Neither Java nor Python are my most favorite languages, but have to concede that Python is massively more consistent than R, so a student has to remember less of special cases, and the whipping boy of dearth of packages seemed less real at least in the context of the course. At least in the academic setting enthought / canopy / anaconda does a marvelous job of it.
I said more forgiving. It's certainly not a forgiving language or ecosystem in absolute terms, you're right on the mark there. But ultimately you have to pick your poison. Do you want to struggle with all of the various quirks of R or do you want to struggle with all of the various quirks of (data analysis in) Python?
R is very acquired taste - or rather you struggle through until you can memorize all the gotchas. For people who are not doing doing data analysis as a full time and perhaps only job, remembering intricacies of R is going to be deal breaker. Personally I would shift towards Python unless there are exclusive packages in R that you have to have it - and that's becoming rarer by the dat. Combined with iPython Notebook and recent wave of migrations of packages to Python, I see little need to deal with R on regular basis.
Thanks for introducing me to iPython Notebook. I had never heard of this, but it looks very promising. The browser-based interface does not look as polished as R's studio application and I'm a bit confused why this functionality is not in the Qt console, but I'll check it out nonetheless.
Much of python's power for data science comes from the scipy/numpy libraries and the tools built on top of them. Unfortunately, installing these requires first installing a bunch of fortran libraries. Fortunately, There is a free distribution of python that comes with them and comes with a package manager you can use to install python libraries that have C extensions. You can also install R packages and use them from iPython notebook. https://store.continuum.io/cshop/anaconda/
(!) sqldf works with H2, MySQL and PostgreSQL too - its not limited to SQLite. (2) Most alternatives to SQL available in R don't work well with complex multi-way joins. You wind up materializing the full outer join first which can be quite problematic. (3) sqldf is fast enough and R is slow enough that quite often sqldf is faster than base R so if R is fast enough for you then its likely that sqldf is too. (4) The speed is often the last thing you need to worry about. The ability to express a query in a familiar way (if you know SQL) is often the more important consideration than having to learn a new system.
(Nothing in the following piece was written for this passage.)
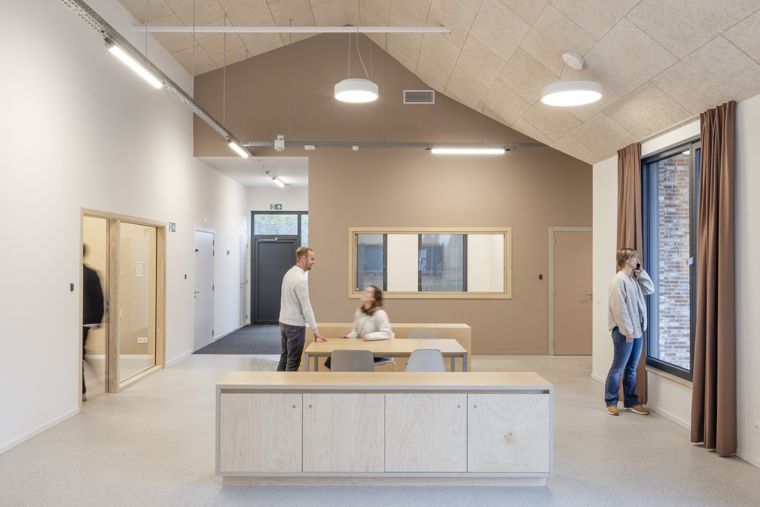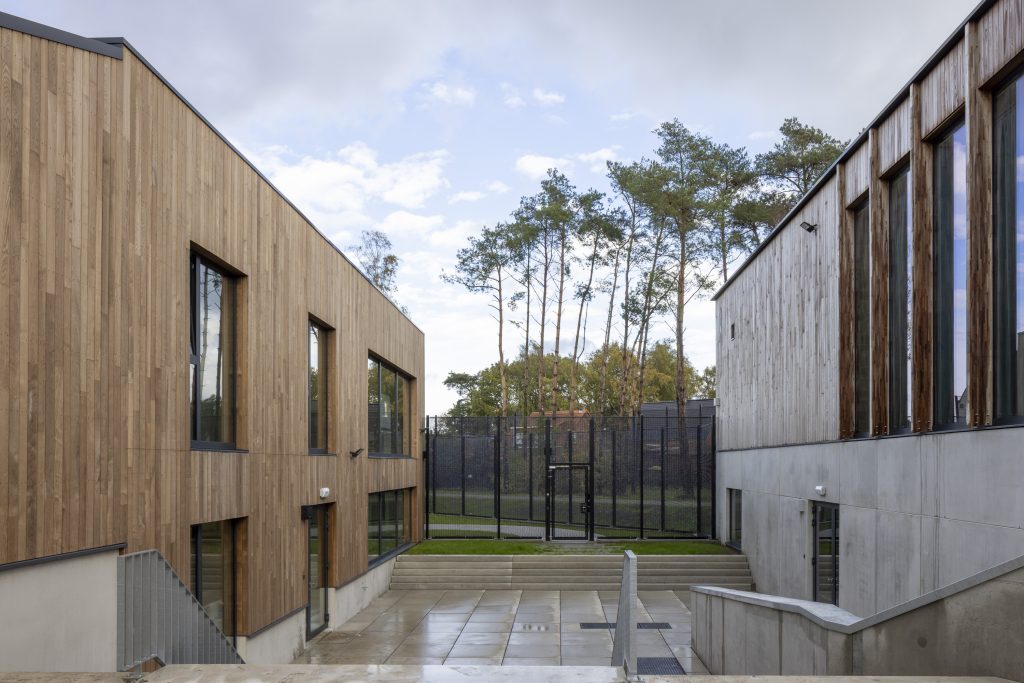 Beide gebouwen zijn direct bereikbaar vanaf het centrale plein en liggen bewust lager om de kleinschaligheid van de campus te respecteren. De woongebouwen worden afgewerkt met rode baksteen, terwijl de sport- en onderwijsgebouwen houten geveldelen hebben. Zo ontstaat onderscheid binnen het ensemble en wordt duurzaam, natuurlijk materiaal toegevoegd.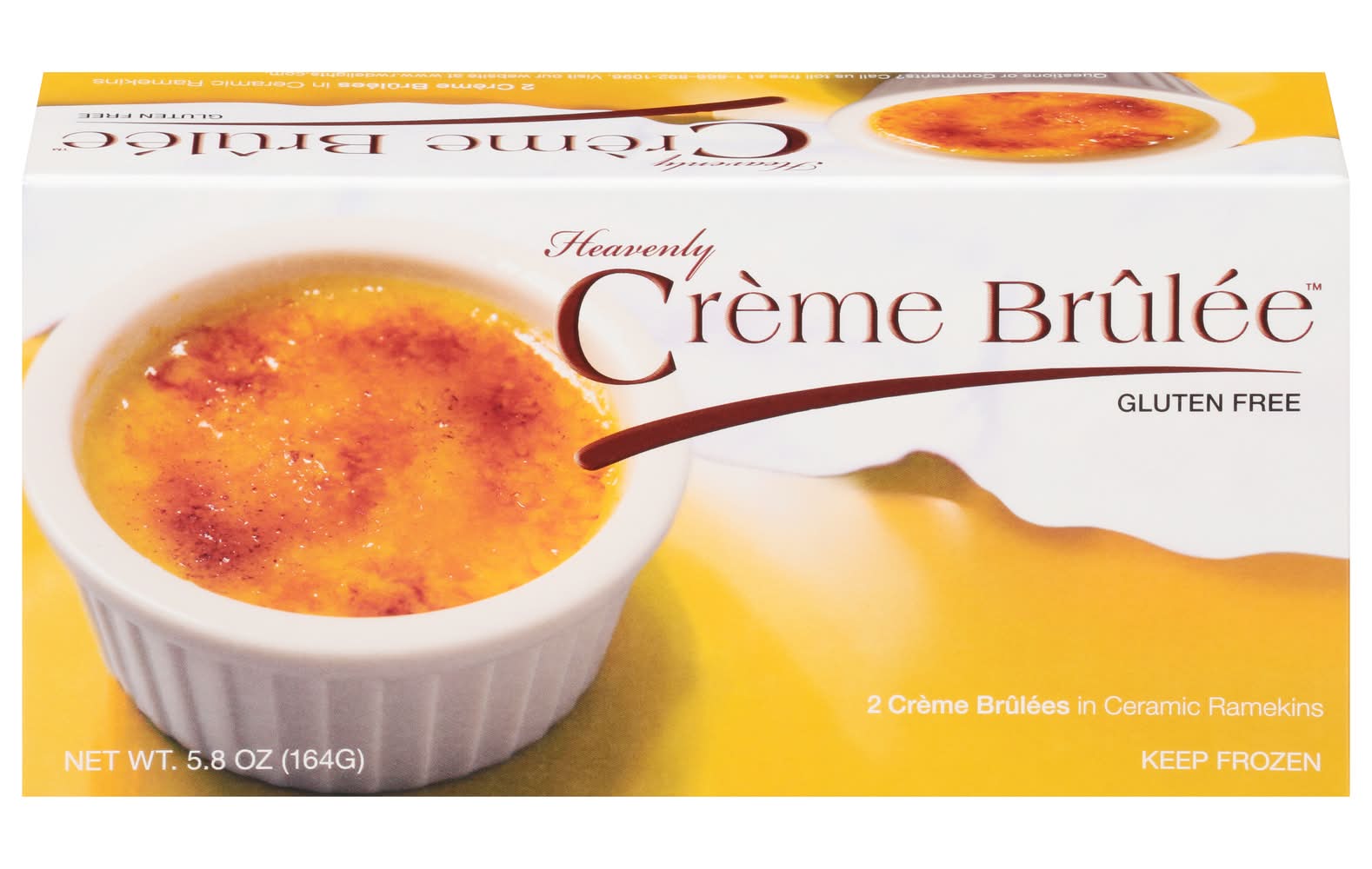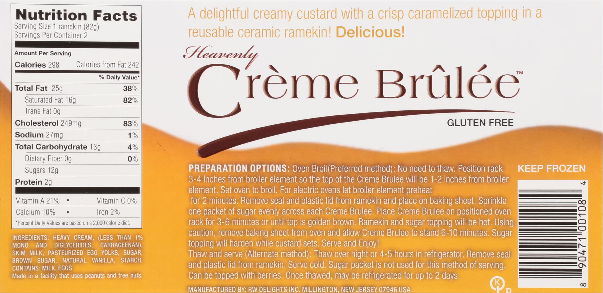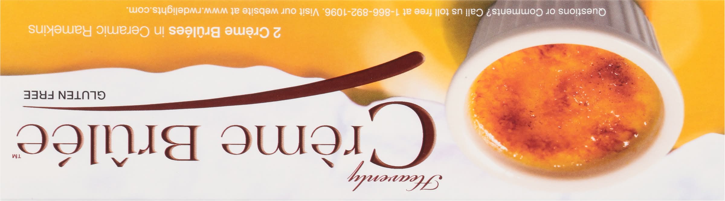 Gluten free. 0 g trans fat. A delightful creamy custard with a crisp caramelized topping in a reusable ceramic ramekin! www.rwdelights.com. Questions or comments? Call us toll free at 1-866-892-1096. Visit our website at www.rwdelights.com.

There are lot's of ways of doing things in R, and I am always learning. I always use vectorized functions when I do something to every row in a data.frame, but when I want to do something to every column, like here, I sometimes use for. How would you use something like plyr here, and would it be as easy to understand?
likertcat <- c("1"="Not at all", "2"="To a small extent", "3"="To some extent",
"4"="To a moderate extent", "5"="To a large extent")
for(e in names(db[,9:44])) {
db[[e]] <- revalue(db[[e]], likertcat)
db[[e]] <- ordered(db[[e]], levels= c("Not at all","To a small extent",
"To some extent","To a moderate extent","To a large extent"))
}
db<-data.frame(replicate(44,1:5))
likertcat <- as.ordered(c("Not at all", "To a small extent", "To some extent",
"To a moderate extent", "To a large extent"))
db[ ,9:44] <- lapply(db[,9:44], function(x) likertcat[x])
* Function arguments are always passed by value. Objects are copied if they are modified in a function.
* Function arguments are lazy evaluated.
* Watch out for automatic factor conversion when importing data. R will display your string data as text, but behind the scenes it will treat it as an integer.
* R is slow. Really, really slow. All your intensive calculations should be handled by libraries written in C, Fortran or some other compiled language. Your R code should be mostly for glueing things together.